The radical trumpet design allows Ibrahim the flexibility to use his full vocabulary as a native Arab musician and trained Western jazz/classical. Raised in France, the trumpeter blends the two forms as he sees fit in his compositional and improvisational styles, creating music that ties the Middle East to East Coast jazz clubs.
Ibrahim Maalouf's most recent project is Kalthoum, a tribute to the great Egyptian singer and pop icon Umm Kulthum. Hear "Movement I" from his reimagination of Umm Kultum's performance of Alf Leila Aa Leila (One Thousand and One Nights).
Sachal Orchestra, "Take Five" (Pakistan)
The Sachal Orchestra was founded in the 2000s by Izzat Majeed, a Pakistani millionaire and arts enthusiast who wanted to make a new base for Western music in Pakistan. Many of the musicians are fluent in both Western and Pakistani classical music and spent many years scoring Lollywood (the Pakistani equivalent of Bollywood). But they all share a strong love of Western music, particularly jazz.
As a unit, the orchestra members compose and arrange their own material, and they often draw on Pakistani music and Western music, seeing where the two can overlap. Sometimes, they also just love playing their favorites. One of the Sachal Orchestra's best, and most well-known, recordings is their interpretation of the Dave Brubeck Quartet's "Take Five." The group layers Western string harmonies on top of the propulsive beat of the Indian drum called a dhol as the sitar leads with the main melody.

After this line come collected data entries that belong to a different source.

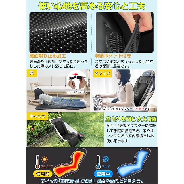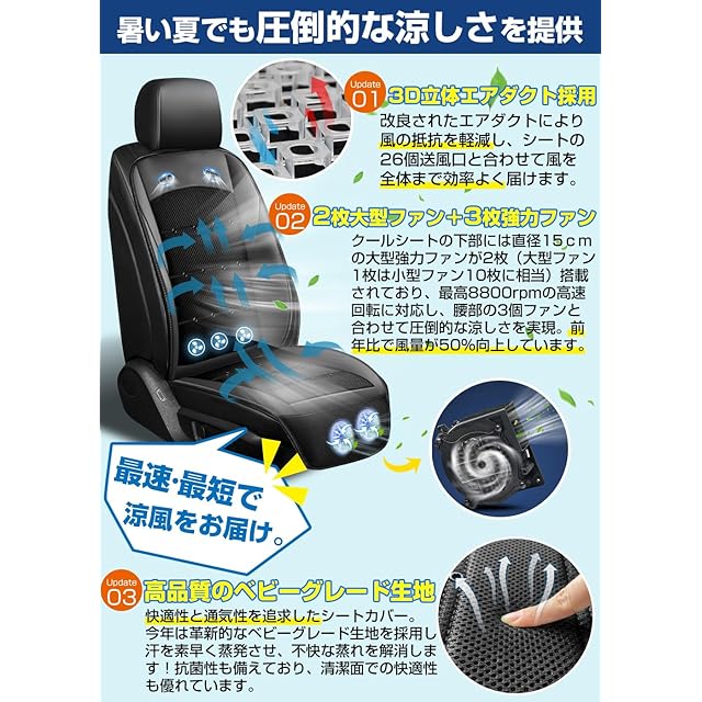 【業界トップクラスの大風量&快適な座り心地&優れた通気性】風量が弱い、座り心地が微妙、背中まで風が来ない...などお客様の声を受けて、改良された新商品が登場しました!①エアダクトの構造を改良!今年のクールシートは、無駄なく空気が流れる立方体ガイド層を備えたエアダクトを採用。本体の下部にあるファンから取り入れた空気を効率よくシート表面まで届けます。さらに首元に2つ吹き出し口を追加したことにより、暑くなりがちな首元まで涼しい風を送る事ができます。②立体構造(3D構造)のメッシュ生地を採用!従来のメッシュ生地よりも1~2mmほど厚さが増したことにより、クッション性が向上し長時間座っても疲れにくく快適な座り心地となりました。通気性に優れた3D立体構造のメッシュ生地のため、スイッチを入れていなくても、通常のシートより涼しく感じていただけます。また、高品質のベビーグレードの環境に優しい素材で作られており、汗や水分を素早く蒸発させ、快適さを持続!抗菌防臭加工など衛生面にも配慮した素材です。
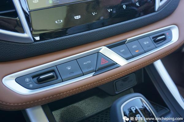 另外一个比较明显的变化,就是中控按钮的布局。之前首试时候庆哥提到,改款前的远景SUV有个商榷地方就是空调面板太靠下,不便于操作。改款后,空调控制区域往上提,放在多媒体屏幕的下方,取代了原来的多媒体音量、选曲等按钮。多媒体的操作现在全部做成触控式,虚拟按键隐藏在中控屏幕下方,虽然以前实体按钮会更便于盲操,可考虑到按钮太多侵占太多空间,改款后布局无疑更高效,这样取舍我是赞同的。
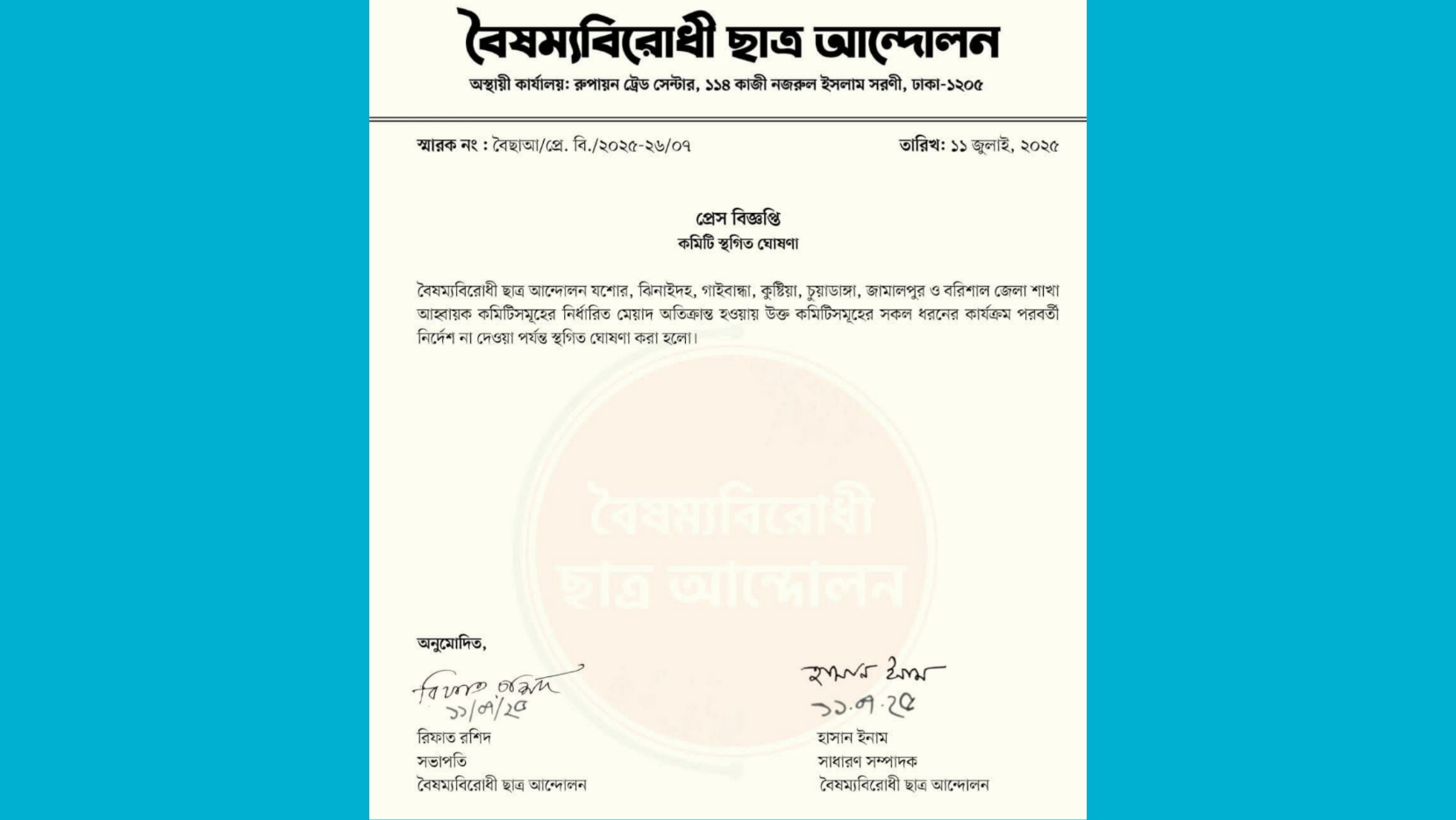 বৈষম্যবিরোধী ছাত্র আন্দোলনের চুয়াডাঙ্গা জেলার আহ্বায়ক কমিটির কার্যক্রম স্থগিত
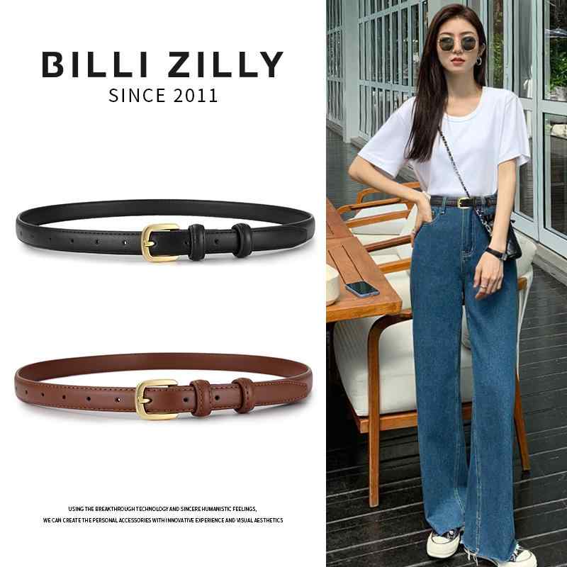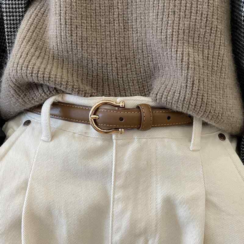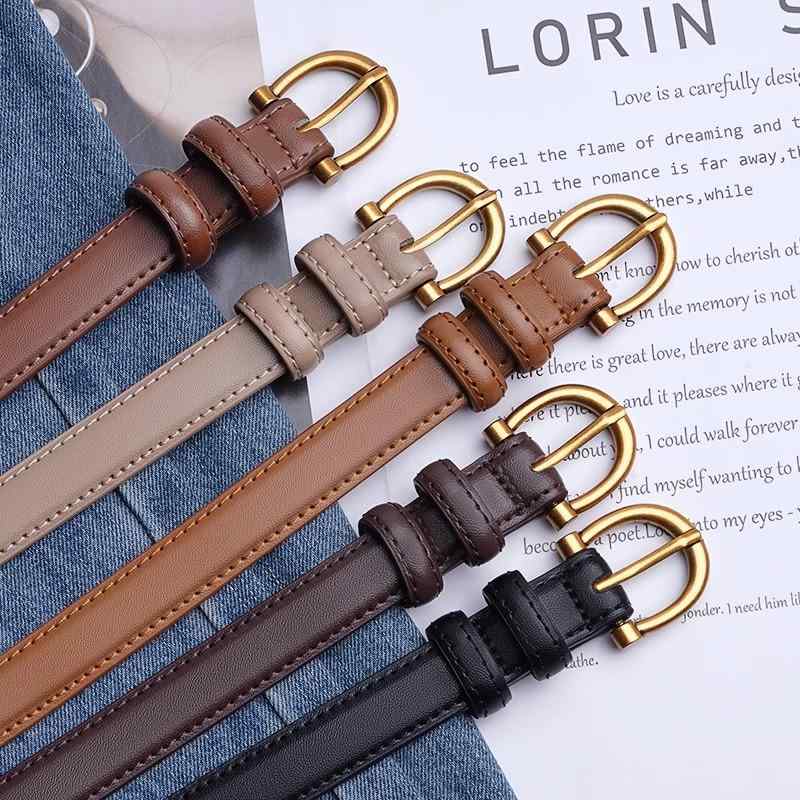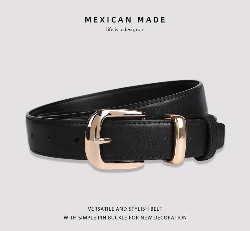 レディース 本革 牛革 レザー ゴールドバックル 細幅 スリム 薄型 シンプル カジュアル きれいめ 多用途 ジーンズ 大人女子

Thandi Ntuli, "Umthandazo" (South Africa)
Pianist and vocalist Thandi Ntuli is part of a new generation of South African musicians who reflect this idea of crosscultural jazz. Raised in South Africa, Ntuli grew up on a mix of South African and American jazz as well as traditional African music. When you hear her fingers touch the ivories, the notes that flow come from the river of tradition that houses Chopin, Art Tatum, and Nina Simone. But in her compositions and vocals, you hear her channel the rhythms of life that inform can inform music all around Africa.
Thandi boils down her expansive, embracing musical identity to the fundamental nature of both jazz and her native South Africa. "I draw from anything and everything that inspires me," Ntuli told NPR via email. "The South African music influence is obviously inescapable having grown up in this environment but you will find that even our jazz draws from many influences even around the continent. Which I think I do too because of my love for traditional African music and rhythms."
"Umthandazo" ("The Prayer" in Zulu) from her 2014 debut LP The Offering, demonstrates Thandi Ntuli's sense of cultural and musical weaving. She cites two main influences for the song: the subdued yet dancing tone and genre- blurring song structures of American guitarist Pat Metheny and the meditative aspects of African ritual music.
Lwanda Gogwana Quintet, "The Calling" (South Africa)
Trumpeter Lwanda Gogwana is another prime mover in the new generation of South African jazz. His quintet, though it rotates musicians, commonly features Ntuli as well as rising South African tenor saxophonist Sisonke Xonti. Gogwana's compositions draw on even more musical elements than Ntuli does. His first LP, Songbook, references African musical traditions, bebop, fusion, hip-hop, R&B and even avant-garde/free jazz.
On this track from Songbook, "The Calling," Gogwana and company throw a 5-minute multicultural, multi-continental musical bash. The opening invokes African celebration music with its group vocal chant mixed in with funky fusion bass, the smooth yet spiritual tone of his trumpet, the James Brown-intensity of the horns section and so much more.
All of this comes across as a statement of how Gogwana fits into the core philosophy of jazz. His playing, born in the cradle of human life, suggests that music and people all come from the same roots.